If you don't embed those comments you bereft that file of context -- why, as you admitted "is everything".

>Somewhere else, something has to choose to load that file, and that is where the documentation belongs (in addition to readable, separate artifacts that are generated from the file).

Well, that's not really relevant. People who change configuration are 99% of the time not the same as those who write/read/or even have access to the code that reads it.

Imagine Apache or Postgresql configuration for example.

Admins change those all the time, but don't have anything to do with the Apache or Postgresql project, and don't ever care to read their code.

On top of that, my particular settings in some config file, are based on MY local server and needs and my context, and not on something Postgresql or Apache devs will know themselves.


System admins who might change e.g. Postgres config files absolutely should be proficient in looking at documentation or the source code to understand the meaning, and then create separate documentation about their own customized config files (not making others or their future self actually have to read that file to understand why a value was chosen).

But more generally, it’s bad that a lot of applications don’t offer documented ways to modify config through ENV variables.
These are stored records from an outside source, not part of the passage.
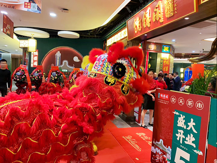 2019年12月25日品深餐飲設計全案服務品牌悅得閑廣式點心茶樓南嶺店正式開業,開業當天,顧客盈門,喜慶熱鬧。
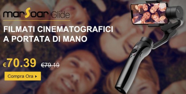 Arriva da Gearbest una interessante promozione che riguarda il nuovo gimbal MARSOARE GLIDE, un oggettino assai interessante che vi permette di effettuare riprese cinematografiche semplicemente con il vostro smartphone.
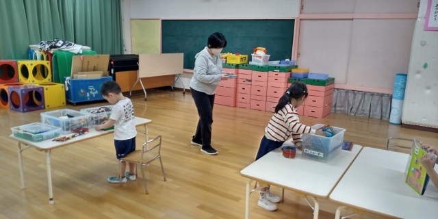 ふだんのお部屋(さくら組 たんぽぽ組)にある おもちゃとは違って、興味津々。
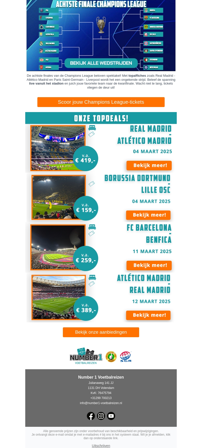 De achtste finales van de Champions League beloven een waar spektakel te worden. Mis geen moment en juich je favoriete team naar de overwinning. Reserveer nu je tickets voor topaffiches zoals Real Madrid - Atlético Madrid. Bekijk ons aanbod voor meer details en exclusieve deals.
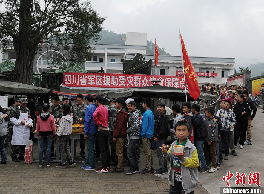 4月30日,四川芦山震灾区龙门乡红星村隆兴中心校的孩子们没有放假,他们在学校进行心理咨询和军训活动。芦山“4.20”7级强震发生后,在乐山政府和军分区官兵的帮助下,受损的校园里建起了1100平方米的板房教室,536名学生踏进板房学校开始了新的课程,校园内外再次传出孩子们的欢笑和读书声。图为排队打饭的孩子们。中新社发 刘忠俊 摄
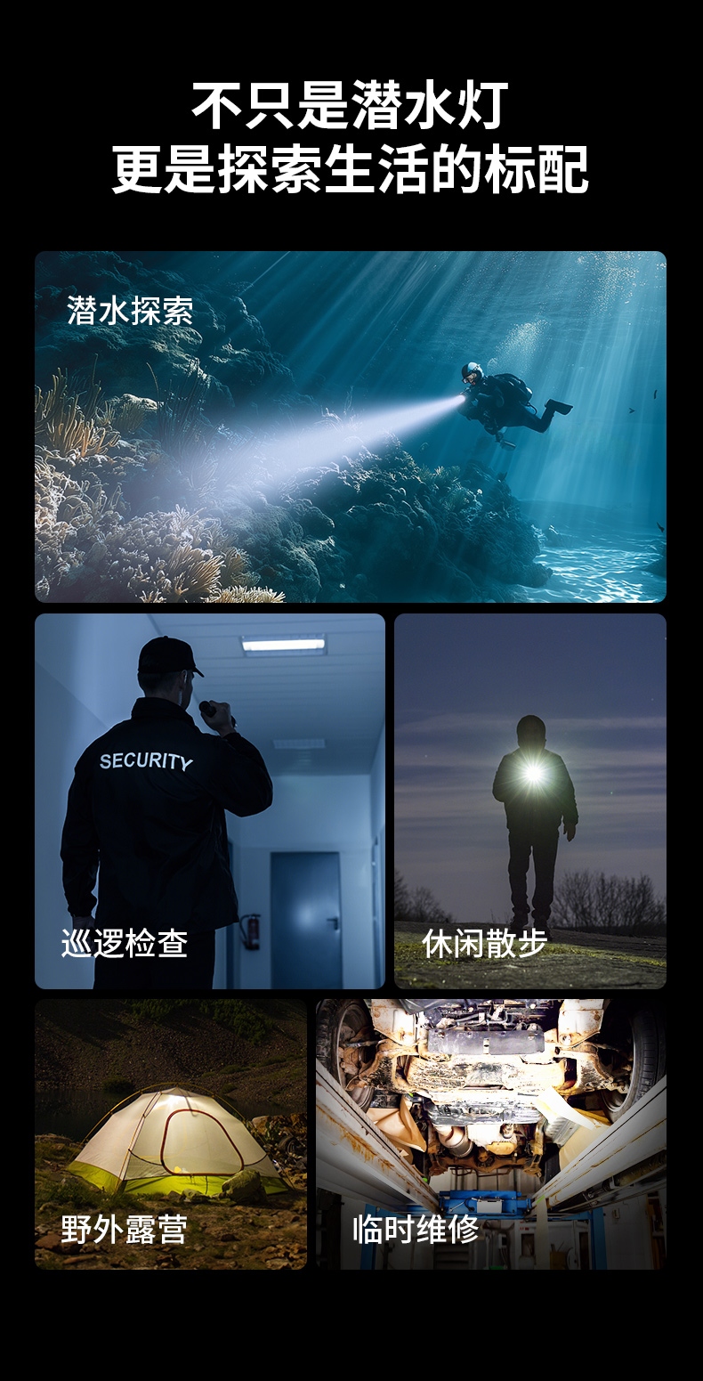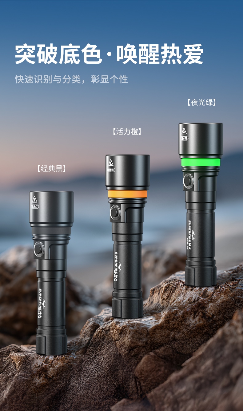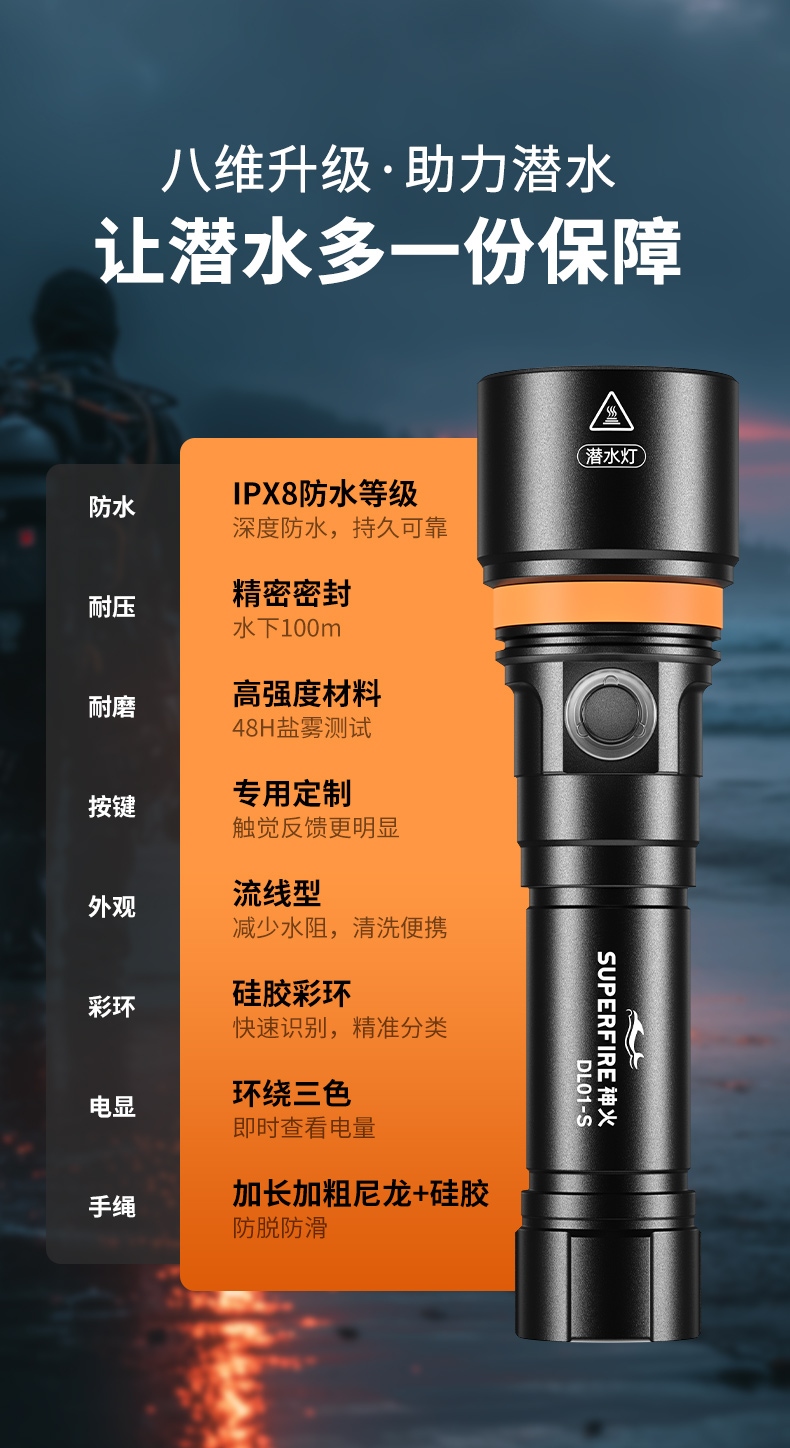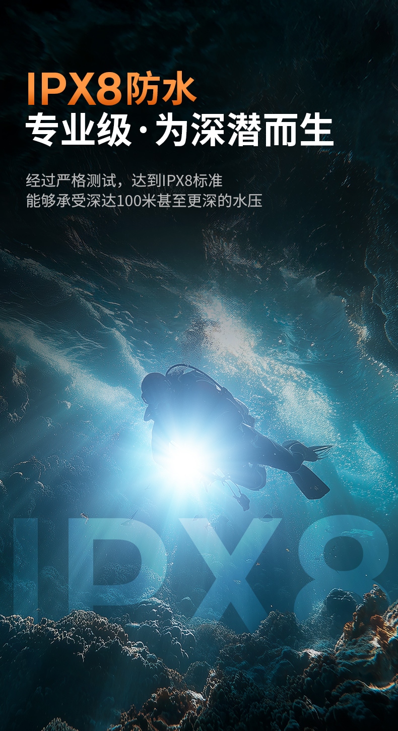 专业级防水设计:经过严格测试,达到IP68标准,能够承受深达100米甚至更深的水压,是深海探索的理想选择。 坚固耐用材料:外壳使用航空级铝合金制造,具备出色的抗冲击和耐腐蚀性能,适合各种恶劣环境下的使用。
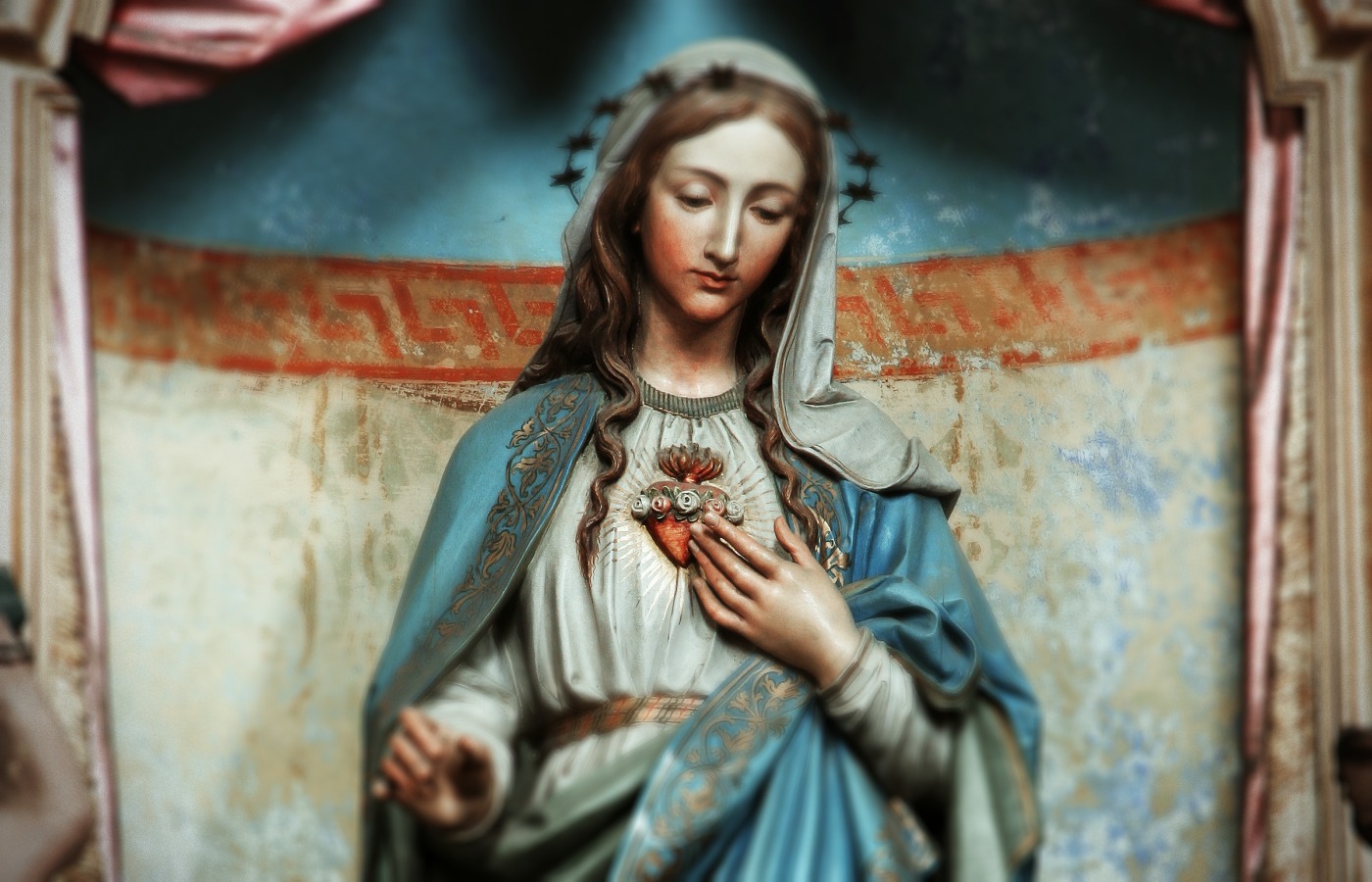 This afternoon, the Virgin Mary appeared all dressed in white; the mantle wrapped around her was white as well, and the same mantle also covered her head. On her head, Mother had a crown of twelve shining stars, her hands were clasped in prayer, and in her hands she was holding a long holy rosary, white as if made of light, which went down almost to her feet. Her feet were bare and were placed on the globe. The globe was shrouded in a great gray cloud, and a part of the world was completely dark. The Virgin Mary lowered her gaze and covered part of the world with her mantle. (in particular, she the part of the world that was dark.)
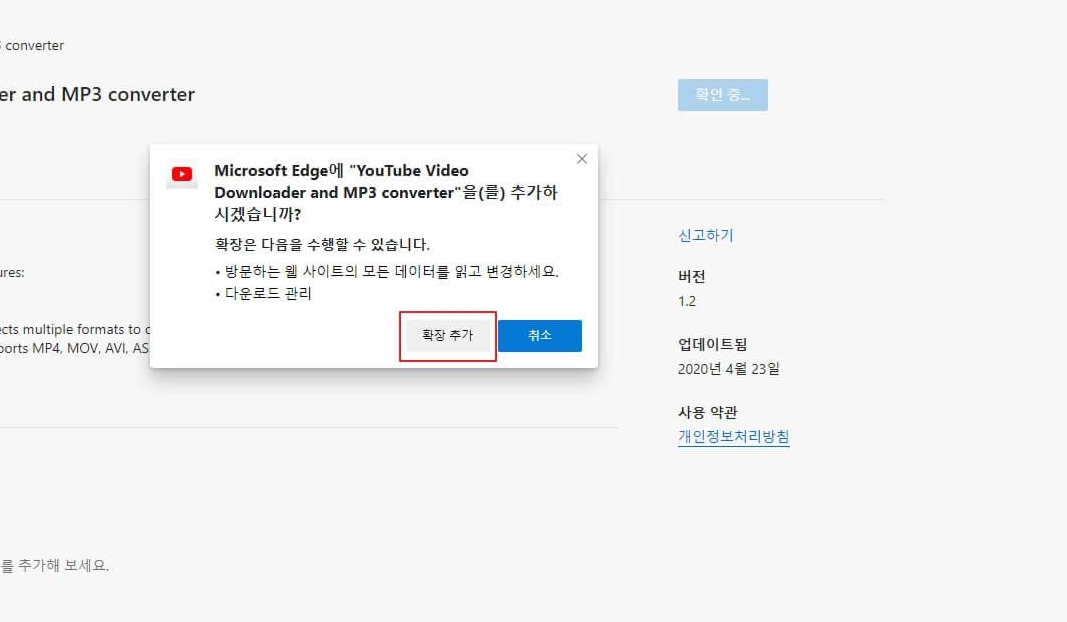 팝업창이 뜨면 '확장 추가'버튼을 클릭한다.
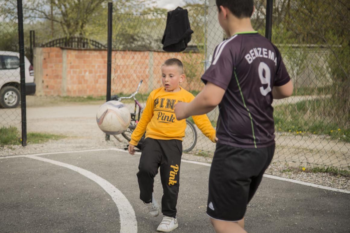 The playground, which has a set of basketball hoops and football goals, is available for not only the 68 Kosovo Serb children and 94 Kosovo Albanian children who live in the village, but also 270 families from surrounding towns.
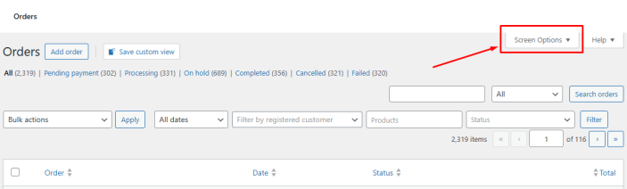 Find the Screen Options button in the top-right corner of the orders screen. Click it to reveal OrderFusion’s controls:
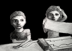 De afbeelding toont een ouderwetse polygraaf (vereenvoudigde weergave), die het huidgeleidingssignaal met een pen op papier registreert. Tegenwoordig wordt het signaal gedigitaliseerd.
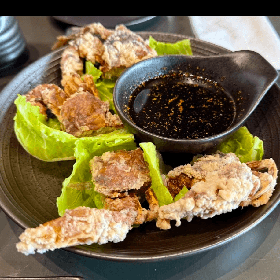 Crispy soft shell crab, mixed green, spicy ponzu sauce on the side
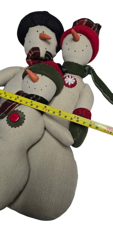 Add a charming touch to your holiday decor with this vintage handmade Snowmen Family Cotton Muslin Stuffed Farmhouse Decor. Measuring 17? x 11?, this delightful piece is perfect for celebrating Christmas and the winter season. Featuring a timeless design crafted from soft, durable cotton muslin, this snowmen family adds a cozy, nostalgic feel to your home. Ideal for mantel displays, tabletops, or as a thoughtful gift for vintage holiday decor enthusiasts. Bring warmth and whimsy to your winter
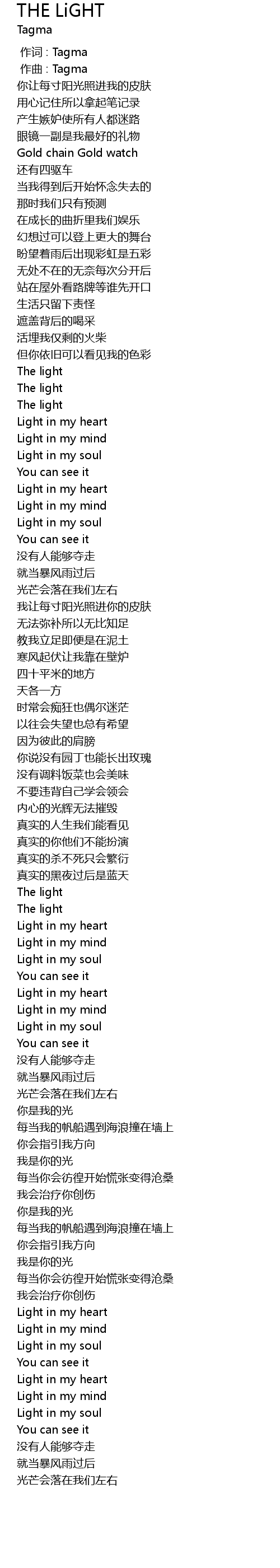 | [00:00.000] | 作词 : Tagma |
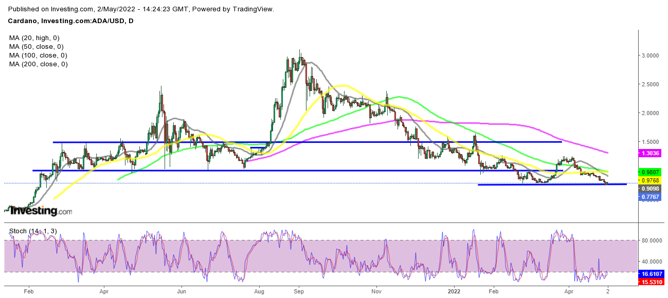 ADA-Token ist seit September rückläufig, nachdem es ein Rekordhoch über 3 $ gedruckt hatte. Seitdem hat diese Kryptowährung ein starkes rückläufiges Momentum gezeigt und niedrigere Tiefs und niedrigere Hochs gedruckt. Im März sahen wir einen anständigen Versuch, zinsbullisch zu werden, als der Preis von 0,75 $ auf 1,25 $ stieg. Aber im letzten Monat wurden die Kryptowährungen wieder rückläufig und ADA/USD fiel wieder unter 1 $.

A config file should always be code reviewed, versioned and checked into SCM. One side effect is that end users, sys admins, etc., should never be given the chance to inject their customizations through locally modifying the base config file. That should be straight disallowed, so that distributing config files (such as the default, or bundles of other settings commonly used in unison) is part of packaging and deployment, and end users use other mechanisms that allow overriding defaults in a case by case manner.

Then you are talking about perhaps a shell script that sets dozens of ENV vars to override what comes from a (never modifiable) config file, and sure you might document the why of your choices in that shell script with comments, and at no point would anyone need or want comments in the actual config file(s).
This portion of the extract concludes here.